Data shown:
╔══
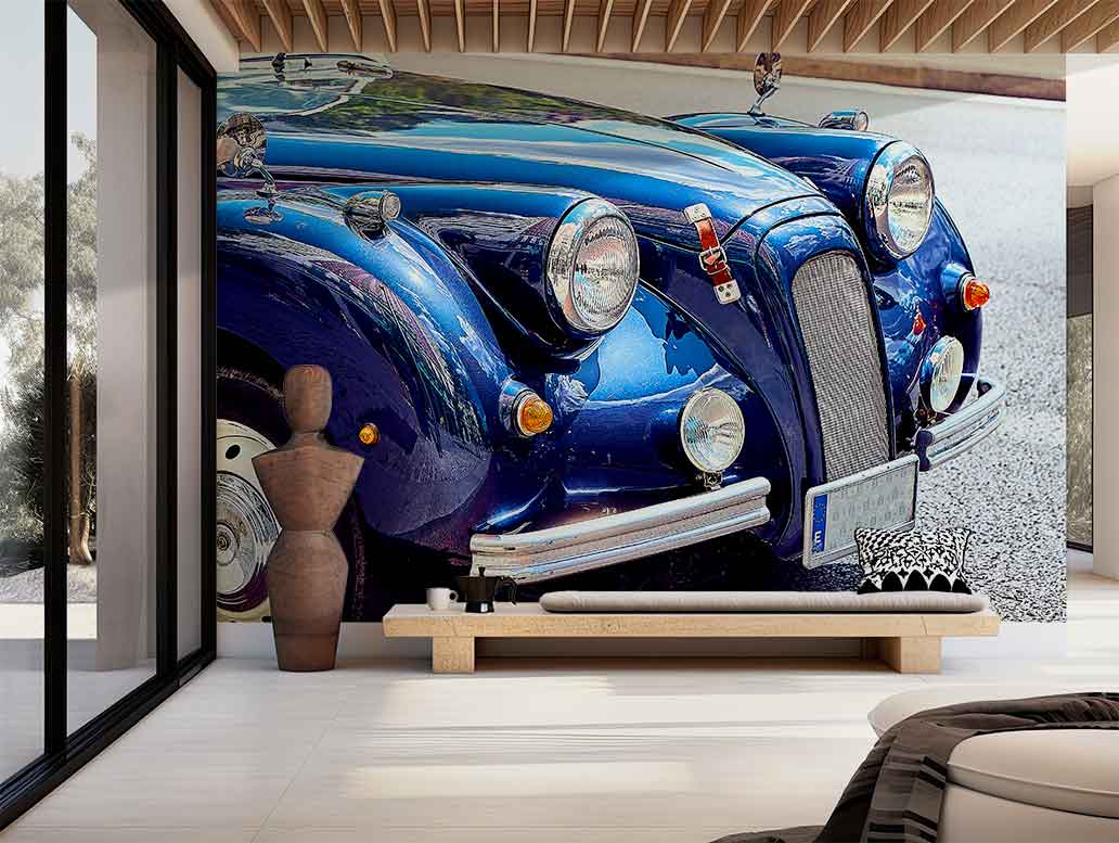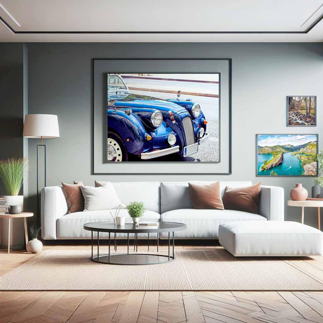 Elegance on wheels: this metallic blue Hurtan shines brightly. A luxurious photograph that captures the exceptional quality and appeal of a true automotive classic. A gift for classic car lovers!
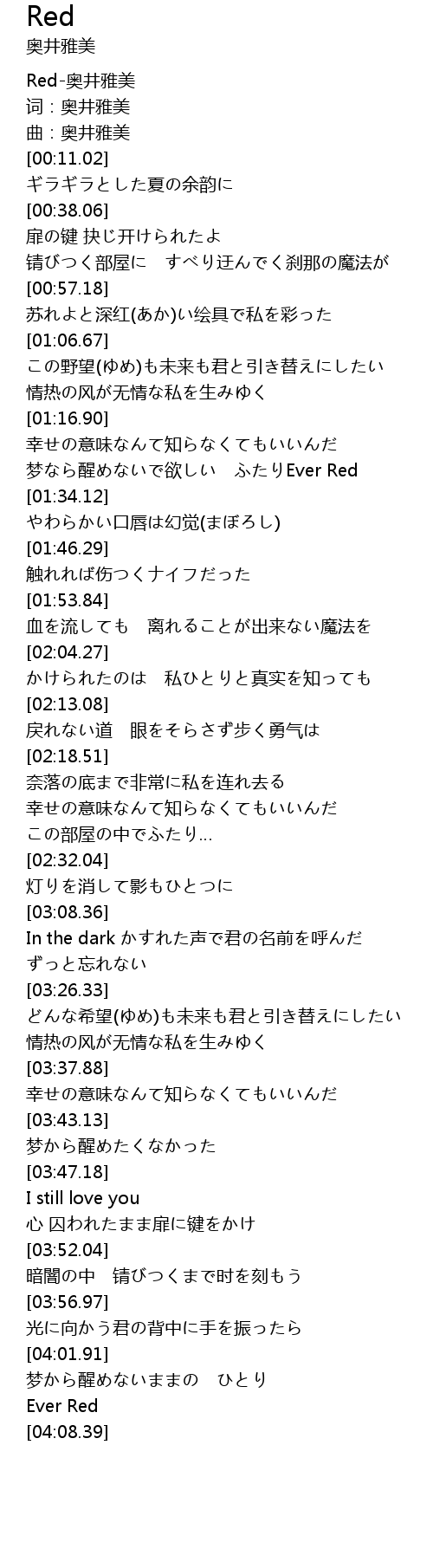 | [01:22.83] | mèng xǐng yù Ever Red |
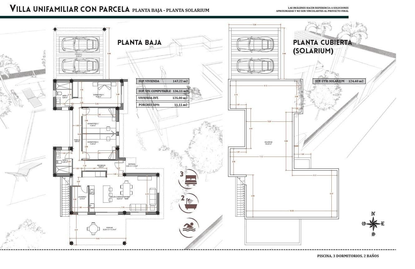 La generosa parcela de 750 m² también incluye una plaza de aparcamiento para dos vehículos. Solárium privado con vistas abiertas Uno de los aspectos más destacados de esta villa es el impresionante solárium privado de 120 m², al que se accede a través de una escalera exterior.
╚══
About this exercise:
The whole listing must come back verbatim, with no pictures included.

Result:
 Elegance on wheels: this metallic blue Hurtan shines brightly. A luxurious photograph that captures the exceptional quality and appeal of a true automotive classic. A gift for classic car lovers!
 | [01:22.83] | mèng xǐng yù Ever Red |
 La generosa parcela de 750 m² también incluye una plaza de aparcamiento para dos vehículos. Solárium privado con vistas abiertas Uno de los aspectos más destacados de esta villa es el impresionante solárium privado de 120 m², al que se accede a través de una escalera exterior.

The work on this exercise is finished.